Classifier Training and Testing

For testing the different classification approaches, the velocity dispersion data (as depicted in Figure 3) for each word instance (words being the classes) were provided to the machine learning algorithms. Additionally, and towards understanding the impact that different classifiers could have in the classification outcomes, several that have been commonly used in works pertaining SSI development and similar classification tasks were considered: Random Forests (RF), Linear Discriminant Analysis (LDA), Linear Regression (LR), Support Vector Machine (SVM), and Bagging (BAG). To implement them, Scikit-learning library was used with the different configuration parameters set to their default values. Regarding the classification process, a 5-fold cross-validation approach was adopted due to the limited size of the acquired data, ensuring that every observation from the original dataset had the chance of appearing in both training and testing. Finally, to assess the performance of the different classifiers, and due to the acquired dataset being class-balanced (i.e., no disparity between the number of instances belonging to each class), the Accuracy metric was adopted.

4. Results

As already mentioned, in this study, three experiments were conducted towards validating and assessing FMCW radar-based technology’s silent speech recognition capabilities. Although the main objective was to understand if good classification results could be achieved, understanding the possibility of creating session-independent and speaker-independent models was also pivotal. This section is responsible for presenting and describing the achieved results.
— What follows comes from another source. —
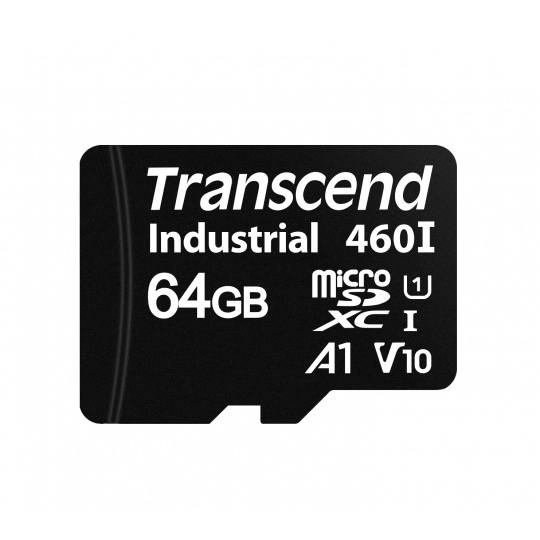 Transcend 64GB microSDXC460I UHS-I U1 V10 A1 3K P/E (3D TLC) průmyslová paměťová karta, 100MB/s R, 85MB/s W, černá

4.1. Per-Session Speaker Performance

The first research experience of this study consisted of assessing FMCW radar technology’s silent speech recognition capabilities. For this, the data acquired from both conducted acquisition sessions were considered. It is, however, worth mentioning that, although the initial plan was for all four speakers to participate in both sessions, one of them could not make it to the second due to personal life complications. In light of this circumstance, Table 3 presents the recognition results for the participants acquired on both sessions while excluding Speaker 3 from the recognition of the second session’s data. In this experience, the classification process was pretty straightforward, as the models were independently created and tested with the data from each speaker per acquisition session.
Through a careful analysis of the summarized classification results presented in Table 3, and part displayed in graphical form in Figure 4, it is possible to verify that all mean accuracy values across all participants, for all different classifiers, were superior to 80.00%. For session 1, the best mean accuracy value was obtained from the BAG classifier ( M = 84.50 ; S D = 8.70 ), while for session 2, the best mean accuracy value was obtained from the LR classifier ( M = 88.3 ; S D = 4.70 ). LR, however, produced the maximum accuracy values of 96.10% for a specific k-fold iteration on both conducted sessions. The classifiers which attained the lowest mean accuracy values were SVM ( M = 80.70 ; S D = 10.50 ) for session 1, and RF ( M = 86.00 ; S D = 3.70 ) for session 2.
Regarding the accuracy values obtained for each speaker and classifier, it is possible to verify that, for Speaker 1, both BAG and LR classifiers achieved the highest mean accuracy values for session 1 (91.50%), while, for session 2, LR produced the highest value (92.20%), for Speaker 2, which only enrolled in one of the acquisition sessions, the RF classifier presented the highest mean accuracy value (76.00%), for Speaker 3, the BAG classifier produced the highest mean accuracy value for session 1 (82.20%), while, for session 2, LR classifier produced the highest value (83.10%), and, for Speaker 4, LR produced the highest mean accuracy values for both session 1 (92.20%) and 2 (89.80%).
Considering the average accuracy results obtained from all classifiers, for all speakers, as depicted in Figure 4, it is possible to verify that Speaker 1 and Speaker 4 presented higher accuracy values than the remaining, which, in turn, obtained results similar between themselves.
To further understand the recognition results and identify the words that were most commonly mistaken, thus, negatively contributing to the accuracy outcomes, two Confusion Matrices were created (Figure 5). These matrices depict the average accuracy classifications across all participants while considering the best classifier from each session (i.e., BAG for the first session and LR for the second). By analyzing the first session’s confusion matrix, it is possible to verify that the results were considerably worse for the words “Lembretes” (Reminders) and “Ligar” (Turn on) (with a correspondingly average accuracy, across all speakers, of 62.00% and 76.00%), typically being erroneously classified as “Email” and “Seguinte” (Next), respectively. As per the second session’s confusion matrix, the only classification result that scored below 80.00% was the one corresponding to the word “Lembretes” (Reminders), having achieved an average accuracy of 74.00%, being, just like in the first session, typically confused with the word “Email”.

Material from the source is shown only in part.